銀八が配るプリントには、進路相談日程についてと書かれていた。
そうだ。あたし達は今更ながら三年生だ。受験勉強をしている人はもう春から始めていたり、もっと早い人だと一年の時から受験の準備をしている筈だ。
正直に言うと、あたしは将来何になりたいかとか、何がしたいかとか、何も決まっていない。

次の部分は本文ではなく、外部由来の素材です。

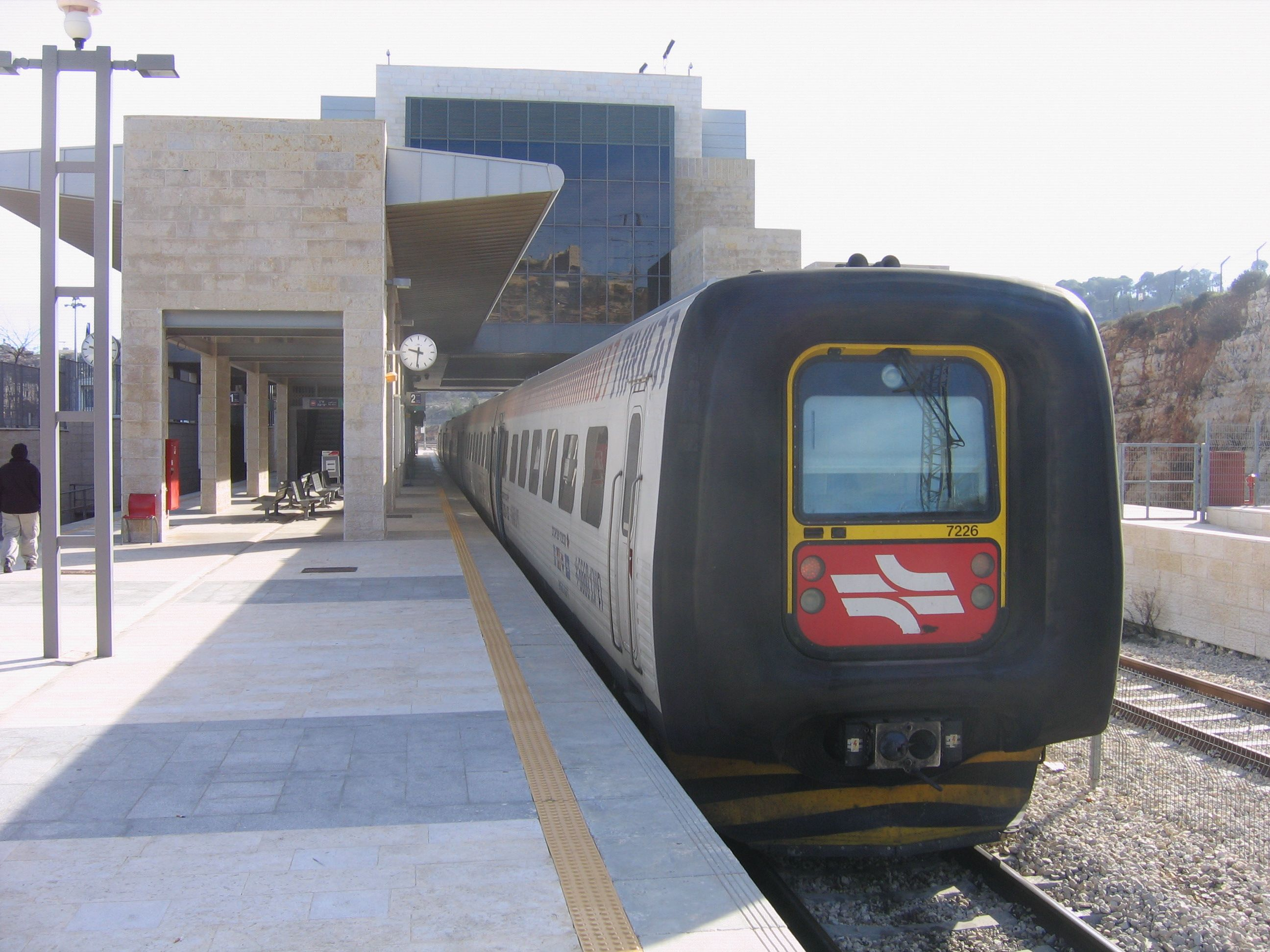 Railway station Jerusalem-Malha

確か、トシとかは警察官とか言っていたし、皆――少なからずとも神楽以外は考えているだろう。
さて、どうしたものか。
「じゃあ気をつけて帰れよー」
ホームルームが終わり、ガヤガヤと騒がしくなる教室。案の定というか、席の近い妙が帰り支度をしながら話し掛けてきた。
「名前はどうするの?」
「んー……考えてない。とりあえず大学は行こうと思ってるけど…」
「私もそんな感じね。大学出て、一流企業に勤めてお金を貯めないと 」
「アタシは世界征服ヨ! 名前も一緒にどうアル!?」
「……それは遠慮しとく」
ここは乙女チックに高杉先生のお嫁さんとか書いとくべきだろうか、と一瞬、ほんの一瞬そう思ったが、本人を含め四方八方から反対されそうなので真面目に考えてみる。
――うん、何も思いつかない。
前回の第一回進路希望には銀魂大学と書いたはずだ。とりあえずそのまま進路を変えずにしておこうか。
「土方くん達は警察官だったかしら?」
「ん? あぁ、まぁそうだな。俺達は近藤さんに付いていくだけだ」
「そこのゴリは警察官になる前に警察に世話になりそうだけどな」
「人のリコーダーになにやってんだこのゴリラァァ!!」
「あぶべっ!!!」
神楽の言うことにも一理ある。
あるにあるけれど、それは置いておいて、だ。今は自分の事を考えなければならない。
先生にバイトで先に帰る旨と後で相談したい事があるとだけメールを入れて、帰りながら妙達に相談してみよう。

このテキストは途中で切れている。